Create and Run Computational Pipelines in UGENE
Here we discuss the hottest topics introduced by our users and show the helpful ways of using UGENE, a free cross-platform genome analysis suite.
Creating the Pipeline
In UGENE you can create and run complex computational workflows, with better utilization of available computing resources and with intuitive drag-n-drop interface. For example, we will perform exporting hundred of sequences from PDB (protein data bank) files into new FASTA files (convert to FASTA format pipeline).

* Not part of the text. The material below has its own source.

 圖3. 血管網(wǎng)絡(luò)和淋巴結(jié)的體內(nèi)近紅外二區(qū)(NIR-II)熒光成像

For this purpose we will use UGENE Workflow Designer – a bioinformatics workflow management software. To open the workflow management software we activate Tools, Workflow Designer. At the left side two tabs are available: Samples and Objects. Samples contain different default schemes, but we will develop our own schema. Thus we press Objects tab to get access to the objects available to be added to the schema. The objects are processes (routines), which have input and/or output ports, used by objects to transfer data.
Reading PDB and Writing FASTA
First of all, we need to read sequences from Protein Data Bank files. For this purpose we drag the Sequence reader object to the schema. Select the appeared “Sequence reader 1” object with mouse. The detailed description of the object has appeared in the Property Editor, which is placed at the top right. The circle to the right of “Sequence reader 1” is an output port. The object description says that it reads all sequences from unset location. Let's set the location. We can do it in the Parameters panel from the bottom right. We click on location value, then on appeared browse button and finally specify desired PDBs. Click OK.

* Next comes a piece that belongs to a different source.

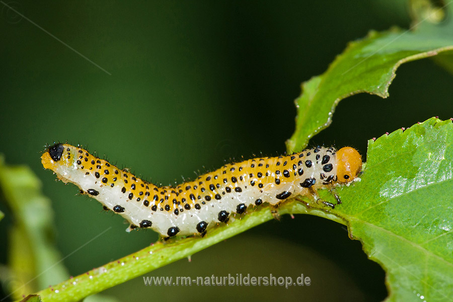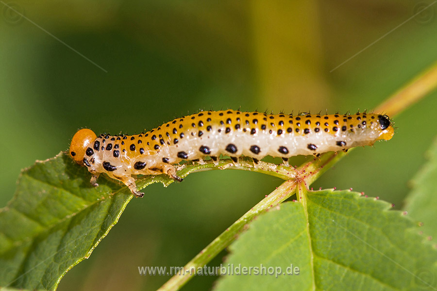 Blauschwarze Rosenbürstenhornblattwespe (Arge pagana) Larve

Workflow designer asks us if want to divide the list of PDB files into separate iterations. Iterations are used to customize settings for every element. We answer No since we would like to process all the elements uniformly.
Now we need to write all the outcoming sequences into files. So, we drag “Write FASTA” object to the schema. The arc to the left of the object is input port. Click on the writer. We see that it writes all supplied sequences to file(s) in FASTA format. Awesome. We also need to specify the location of outgoing files. Click on Location value (the writer is currently selected), click Browse button and specify the output file name. Finally we connect our two objects by dragging the output port to the input port. Thus we have created a dataflow between these two objects which processes Sequences (as mentioned on top of dataflow arrow).
Running the Pipeline
We are ready to run the schema. To do this we press “Run schema” button. The work is done and we have a new report. Oops, we've got a warning too. The warning means that we didn't specify additional data which must be used as Fasta Header. It's OK, since these headers were generated automatically. And, we still have a new report. It says that the schema execution is finished. Let's open the output location. It has one file, accumulating all the sequences. We can load it.